Reputation: 1
I have a character data that looks like this:
x= c("Clause 1 - AGREEMENT. Buyer agrees to buy, and Seller agrees to sell, the Property described below on the terms and conditions set forth in this contract.",
"Clause 2 - Buyer. Buyer, will take title to the Property described below:",
"Item 2.1 - Seller. Seller, is the current owner of the Property described below assignable by Buyer without Seller’s prior written consent.",
"Clause 3 - Inclusions. The Purchase Price includes the following items: ",
"Item 3.1 - Fixtures. If attached to the Property on the date of this Contract, the following items are included unless")
I am tryng to group all Items into the Clauses in a list. Basically, I want it to do this
x[grep("Clause . - ", x)]= c(x[1], paste(x[2], x[3]), paste(x[4], x[5]))
and this
x= x[grep("Clause . - ", x)]
but dynamically. How can I do it without specifyng the list items i want to combine? Thank you all.
Upvotes: 0
Views: 114
Reputation: 1
I solved my problem adapting the answer provided by Zelazny.
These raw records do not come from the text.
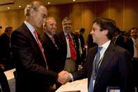 Luis Alberto Moreno (a la derecha), presidente del Banco Interamericano de Desarrollo, ayer en la asamblea anual de gobernadores del BID que se celebra en Guatemala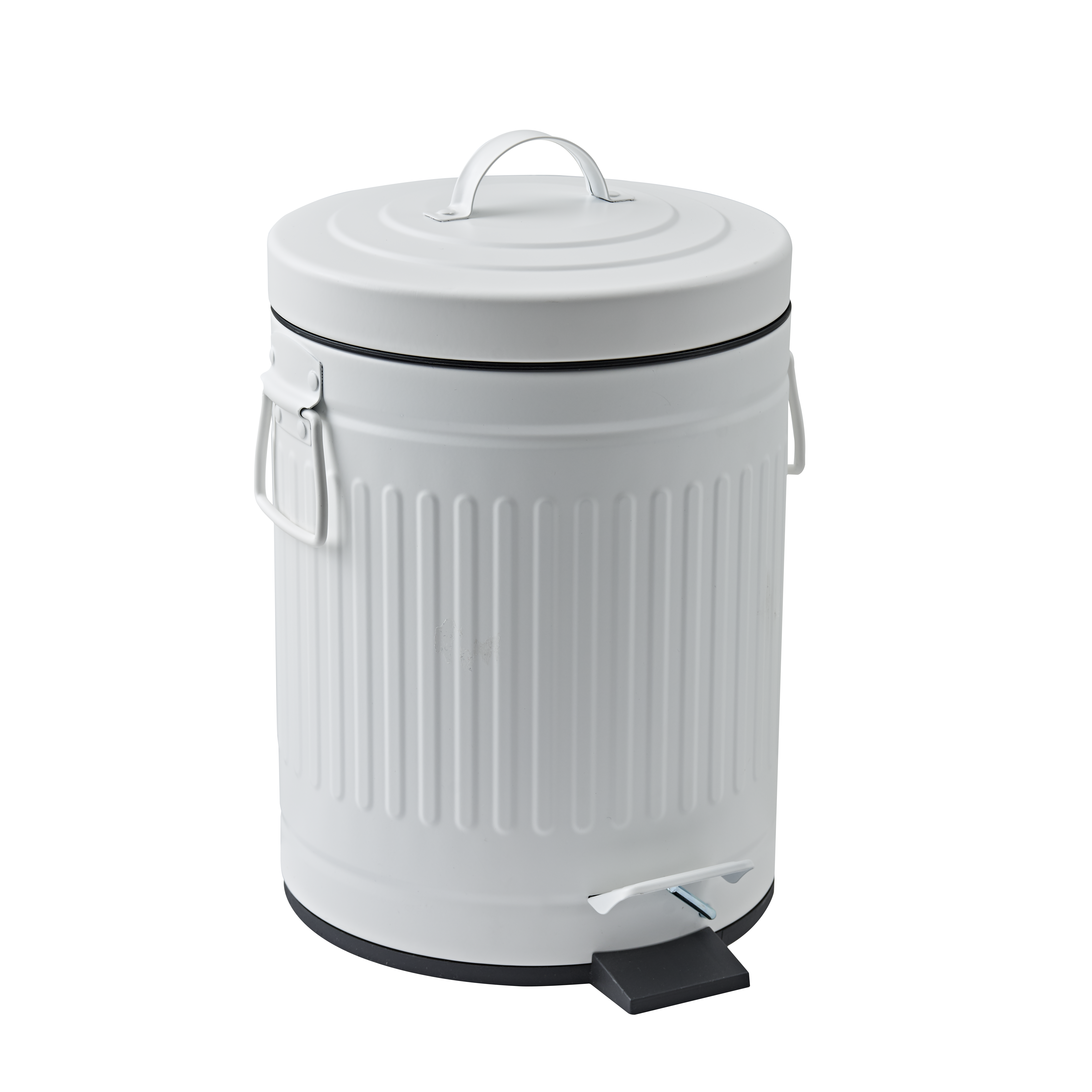 In acciaio. Il secchio interno è dotato di maniglie che lo rendono facile da svuotare. Grazie alla chiusura soft-closing, si chiude silenziosamente. Facile da spostare grazie alla maniglia posteriore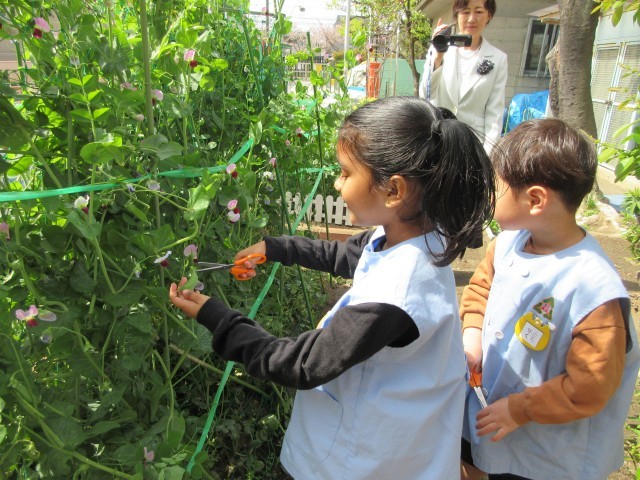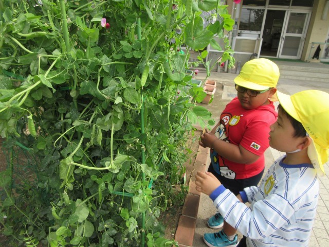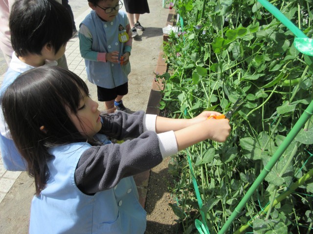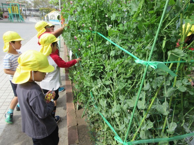 星の組が年少組の時から育てていたキヌサヤ。みんなでキヌサヤをたくさん収穫しました。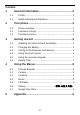 Content 1 General Information ..............................................2 1.1 1.2 2 Safety warning and Attentions....................................... 2 Your phone ............................................................3 2.1 2.2 2.3 3 Phone overview ............................................................ 3 Functions of Keys ......................................................... 4 Functions of icons ......................................................... 4 Getting started ........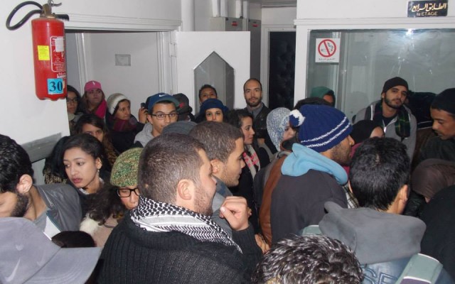 تمّ صباح اليوم السبت 13 ديسمبر 2014 اقتحام فرقة أمنية للقاعة التي يعتصم بها مناضلو اتحاد طلبة تونس بوزارة التعليم العالي والبحث العلمي، وقد تمّ إخراج المعتصمين بالعنف وإيقاف الطالبان أنيس بوسليمي وعمر بلحاج عمر.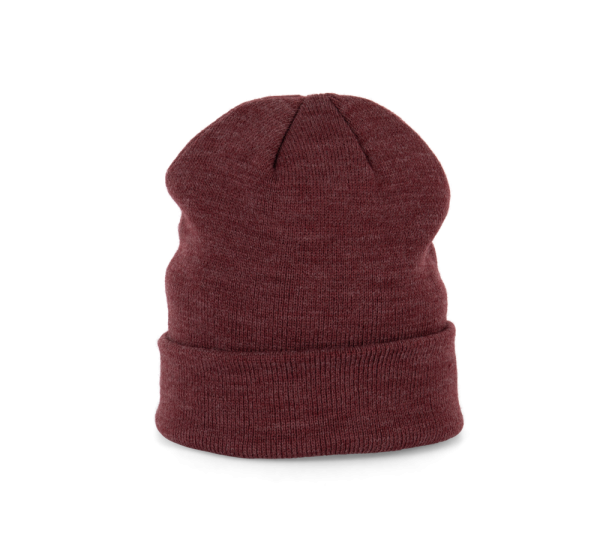Gestrickte Mütze aus 100% Acryl. Kugelform.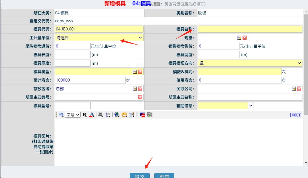 进入界面后,填写好相应的信息,点击提交完成操作 ![]() 点晴模切ERP更多信息:https://moqie.clicksun.cn,联系电话:4001861886 该文章在 2024/9/18 16:46:23 编辑过 |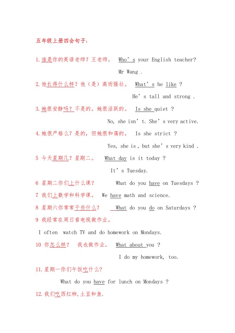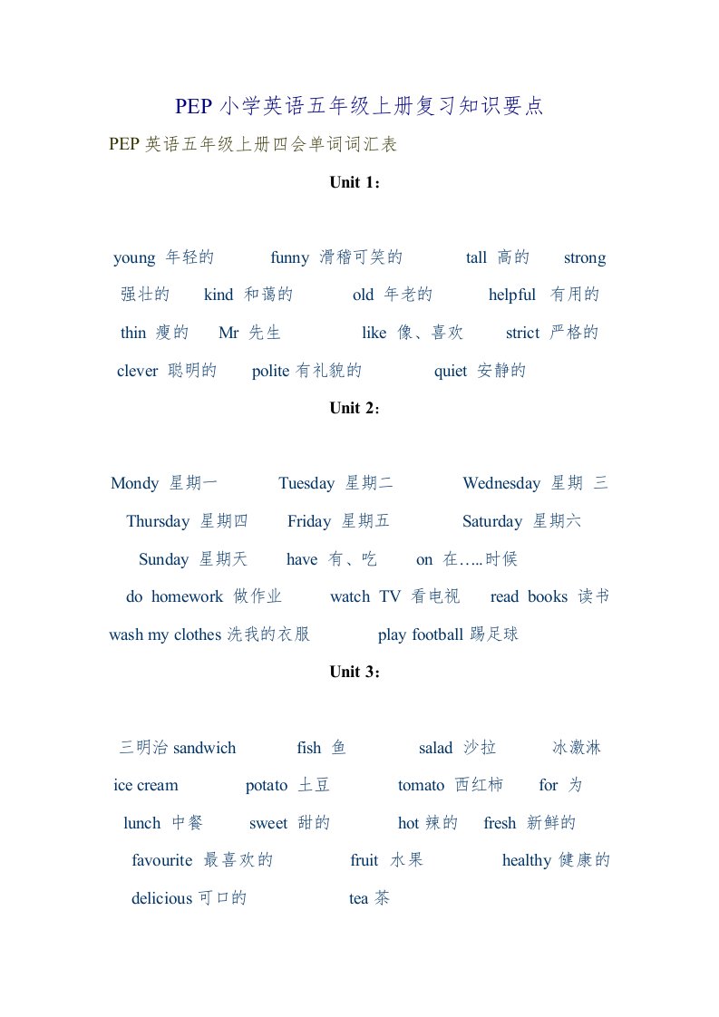 五年级英语上册复习知识要点(人教版PEP)_共3页

With the data:
> x= c("Clause 1 - AGREEMENT. Buyer agrees to buy",
"Item 1.2 - Seller agrees to sell",
"Item 1.2 - the Property described below",
"Item 1.3 - on the terms and conditions set forth in this contract",
"Item 1.4 - If attached to the Property on the date of this Contract",
"Item 1.5 - the following items are included:",
"I - property",
"II - car",
"III - motorcycle",
"Clause 2 - Buyer, will take title to the Property described below:",
"Item 2.1 - Seller. Seller, is the current owner of the Property",
"I - this is binding contract",
"Item 2.2 - by Buyer without Seller’s prior written consent.",
"Clause 3 - The Purchase Price includes the following items",
"Clause 4 - property will be transmited",
"Clause 5 - as discribed in",
"Each party is signing this agreement on the date stated opposite that party’s signature.",
"city, date")
First find the items that are clauses:
> f= grep("Clause . - ", x)
> f
[1] 1 10 14 15 16
As the rep
dosn't allow a list of times, loop over and repeat the previous item number for all the missing itens:
> nums= f
> for (i in 1:length(f)-1){
> a= f[i+1]-f[i]-1 #times to repeat the number
> nums= c(nums, rep(f[i], times= a))
> }
> sort(nums)
[1] 1 1 1 1 1 1 1 1 1 10 10 10 10 14 15 16
Add all the numbers after the last clause:
> nums= sort(c(nums, (1+f[length(f)]):length(x)))
> nums
[1] 1 1 1 1 1 1 1 1 1 10 10 10 10 14 15 16 17 18
And finally group the items in the clause:
> grouped <- tapply(x, nums, paste, collapse='\n')
> cat(grouped[1])
Clause 1 - AGREEMENT. Buyer agrees to buy
Item 1.2 - Seller agrees to sell
Item 1.2 - the Property described below
Item 1.3 - on the terms and conditions set forth in this contract
Item 1.4 - Fixtures. If attached to the Property on the date of this Contract
Item 1.5 - the following items are included:
I - property
II - car
III - motorcycle
Upvotes: 0
Reputation: 40628
First strip out just the numbers:
> nums <- gsub("^..* (\\d+\\.*\\d*) -..*$", "\\1", x, perl = T)
> nums
[1] "1" "2" "2.1" "3" "3.1"
Group them by dropping the decimal place:
> nums <- as.integer(nums)
> nums
[1] 1 2 2 3 3
Loop over these groupings and paste them together:
> grouped <- tapply(x, nums, paste, collapse='\n')
> cat(grouped[2])
Clause 2 - Buyer. Buyer, will take title to the Property described below:
Item 2.1 - Seller. Seller, is the current owner of the Property described below assignable by Buyer without Seller’s prior written consent.
Upvotes: 1